При утреннем низком белом, уже полузимнем солнце тревожно оглядывал Сохацкий беспорядочно снующую батарею, лишь на днях переодетую в зимнюю форму, ещё не всё подогнано, и старался угадать, какие беспорядки можно заметить и исправить в полчаса? И так, смятенно озираясь поверх голов, он даже не заметил, что перед ним стоят не три взводных командира, а только два.
— Да где же Чернега (трах-тарарах)? Почему по подъёму не явился? Ну, оборву я его сладкую жизнь!
Привычка, усиделись, улежались, ползёт дисциплина, как тесто. Пока спокойные дни — незаметно, а вот тревога...
Устимович старательно накатывал большие валики чёрных бровей и по возможности не горбился перед капитаном, вот и всё, чем он мог быть полезен.
Батарейцы в солдатских папахах с отворотными боками, в телогрейках и ватных шароварах сновали своей обычной жизнью, но зорко чувствовали переполох у начальства, а он не мог тут же не опрокинуться и на нижних чинов.
— Заковородный! — длинным жестом завернул капитан семенившего мимо подпрапорщика, фельдфебеля их батареи. Обычно при передках или обозе, а сейчас оказался здесь хлопотливый пригорбленный хохол, всегда по делу, как у себя бы в хозяйстве, пристроился к офицерскому обсуждению.
Бывали у них комиссии — интендантские, санитарные (а цель каждой комиссии — побывать “под огнём” и потом получить награды), но что значил “теоретический” генерал — поневоле брал озноб. Хозяйственная часть, которою больше занимался капитан, отпадала?
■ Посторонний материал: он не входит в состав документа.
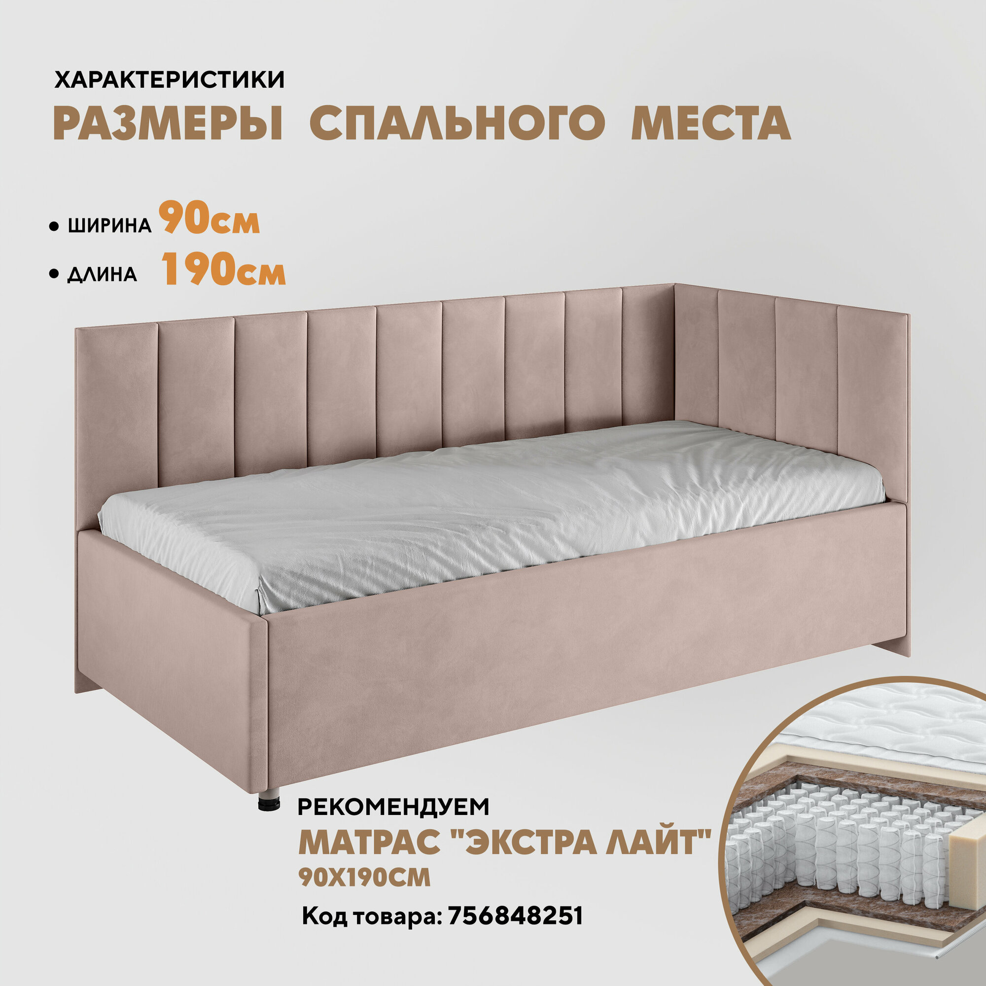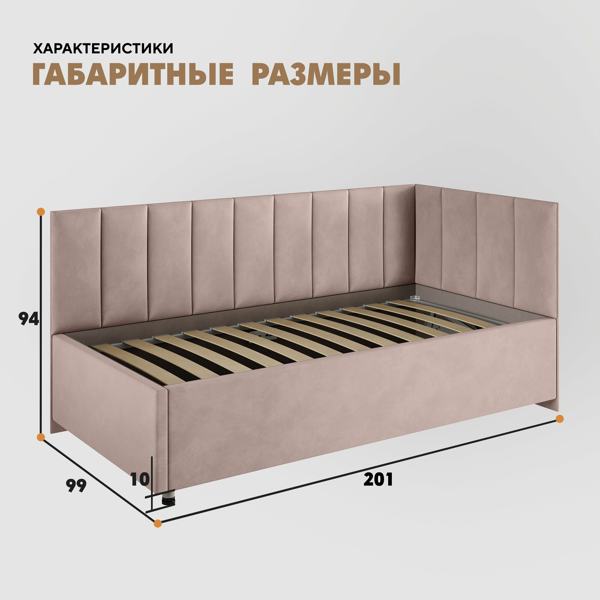 Кровать "Герда Литл" 90х190 (Velutto 06) угол справа информация:

Хотя и в снабжении своя теория есть... Но что бы ни было, а — внешний вид, комплект, строй, состояние оружия, состояние землянок — никогда не лишние, при любой комиссии.
Что казалось естественным в ежедневной проходке мимо орудийных позиций, мимо землянок — всё вопияло теперь, что распущено, разбросано, не на местах, не в порядке, а резче всего — вид солдат! По-человечески невозможно было Сане каждый день останавливать и пилить Хомуёвникова, что воротник у него всегда перекошен, полуподнят, недостёгнут, и пояс — наискосок, а не поперёк туловища, и шапка не сидит прямо и плотно, а сбоку насажена и вот свалится. А у Сарафанова пояс распущен, как у беременной бабы, перетянуть боится брюхо. А Улезько и Гормотун вообще себя на военной службе не чувствуют: взятые из соседних сёл в обход воинского начальника, тутешние, они в армии как не сами служат, а постояльцев обслуживают, любят о местном сказки тачать, историю каждой яблони (“На цо пан сажае? детей нет”. — “А до нас люди были? и по за нами бендзе”), — они и за год не привыкли, что двинется армия, на восток ли, на запад, и им тоже отрываться от своих мурованных будынков и аистовых гнёзд. Да Сане и самому противно такое педантство: ну пусть не затянуто, перекошено, пока можно — пусть люди вольней поживут. А гордым, как Пенхержевский, или образованным, как Бару, замечание сделать просто неловко: у Бару на шинели — университетский значок, а всё обмундирование — временная и горестная декорация при значке; и взять руки по швам даже вежливо его не попросишь, его глаза открыто напоминают подпоручику не о равенстве даже, о превосходстве.
Но двадцать минут ещё есть, р-разойдись!
Лаженицына капитан задержал:
— А скорей всего — правила стрельбы. Тогда никому как вам. Будет повод — я вас укажу, пододвину, а нет — выдвигайтесь сами, берите инициативу!
А может быть — материальная часть? Вкопка пушек? Укрытия для расчётов? Маскировка? Погреба для снарядов? А может быть — противогазовая защита? Прапорщик Устимович, ко мне!
Ах нет, вот он, вот он, негодник! — виноватый, плутоватый, ещё не совсем прочуханный, но очень сытый и довольный, от своей Густавы катил к ним шаром Чернега. И поднял руку доложить с неискренним раскаянием.
А ведь он-то и схватится сейчас всех приготовить! В офицеры перейдя, Чернега из унтеров как и не ушёл — так с ним солдаты слиты.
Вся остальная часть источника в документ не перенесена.